DATA EXCERPT:
=======

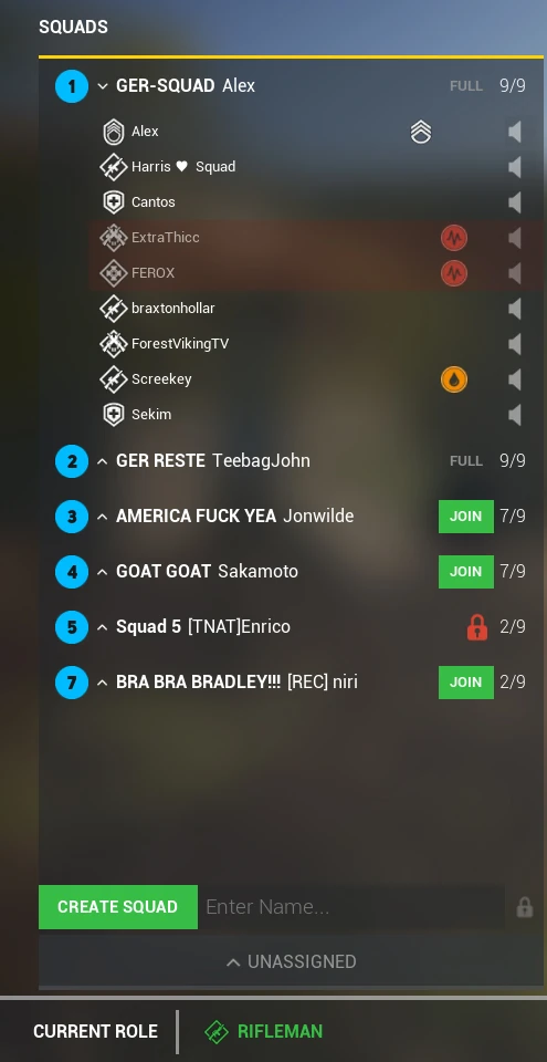 Um ein neues Squad zu erstellen, drücke die CREATE SQUAD-Taste oder benutze einen Hotkey. Dem Squad wird automatisch ein Name zugeteilt. Wenn du einen eigenem Namen für dein Squad haben willst, kannst du diesen vor dem Erstellen eingeben. Der Name sollte sinnvoll gewählt sein und wichtige Informationen enthalten, z.B.: GER MIC / Defense / Supply. Wenn du ein Squad erstellst, wirst du automatisch der Squad Leader (SL).
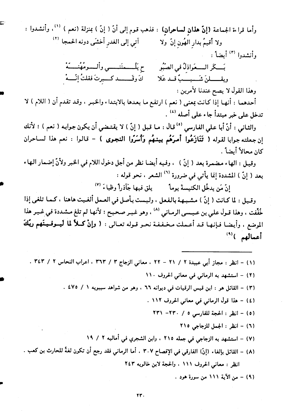وأما قراءة الجماعة (إِنّ هَذَانِ لَسَاحِرَانِ): فذهب قوم إلى أنّ (إنّ) بمنزلة (نعم)، وأنشدوا:
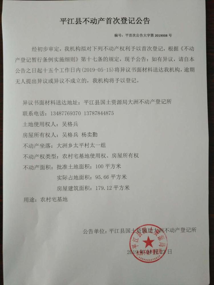 吴格兵、杨卖勤平江县不动产首次登记公告平首次公告大字第2019008号
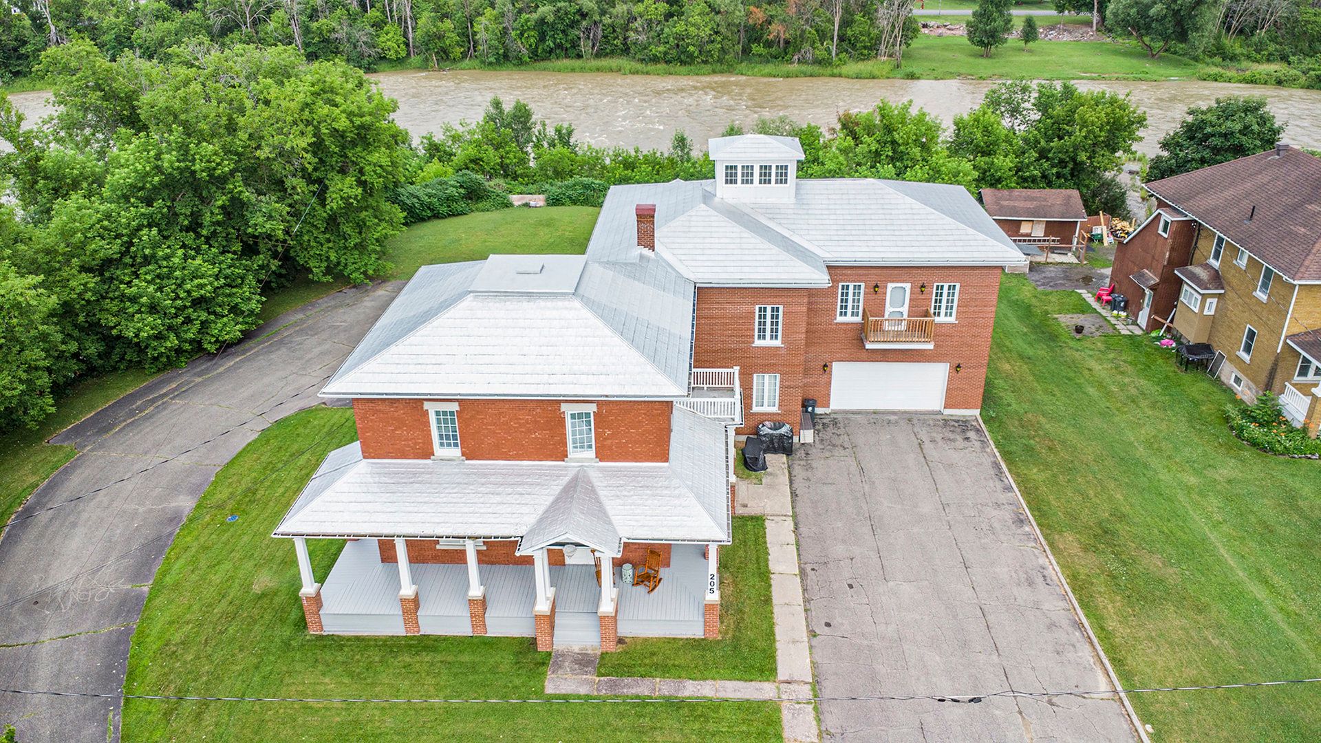 This beautifully updated century home sits on a prime riverfront lot along the scenic nation river. Enjoy stunning views from the rooftop tower and relax on the wraparound veranda. The main floor boasts a bright living room, formal dining room, and a welcoming foyer that can easily double as a home office. Upstairs, you'll find a spacious layout with 4 bedrooms, including a generous primary suite featuring exposed beams, a private office area, a luxurious ensuite bath, and a cozy whirlpool nook. Soaring ceilings, oversized 6' windows, and elegant crown and base moldings add timeless character throughout. A large addition completed in 1990 includes a massive attached garage (approx. 49' x 36' with 12' ceilings), complete with a lavatory and urinal ideal for rv storage, multiple vehicles, or your dream workshop. A detached shed also offers great space for storage or hosting family gatherings. Upgrades include a durable metal roof and most windows replaced between 20102019. An ultra-efficient boiler and water heater help keep utility costs low. Flooring throughout features rich hardwood and sleek ceramic tile. This one-of-a-kind home offers history, charm, and endless potential all set in a breathtaking riverfront setting!

=======

Would you please reproduce verbatim the run of lines that opens the listing and ends with the line holding "吴格兵、杨卖勤平江县不动产首次登记公告平首次公告大字第2019008号", and only that run, leaving every picture out?

OUTPUT:
 Um ein neues Squad zu erstellen, drücke die CREATE SQUAD-Taste oder benutze einen Hotkey. Dem Squad wird automatisch ein Name zugeteilt. Wenn du einen eigenem Namen für dein Squad haben willst, kannst du diesen vor dem Erstellen eingeben. Der Name sollte sinnvoll gewählt sein und wichtige Informationen enthalten, z.B.: GER MIC / Defense / Supply. Wenn du ein Squad erstellst, wirst du automatisch der Squad Leader (SL).
وأما قراءة الجماعة (إِنّ هَذَانِ لَسَاحِرَانِ): فذهب قوم إلى أنّ (إنّ) بمنزلة (نعم)، وأنشدوا:
 吴格兵、杨卖勤平江县不动产首次登记公告平首次公告大字第2019008号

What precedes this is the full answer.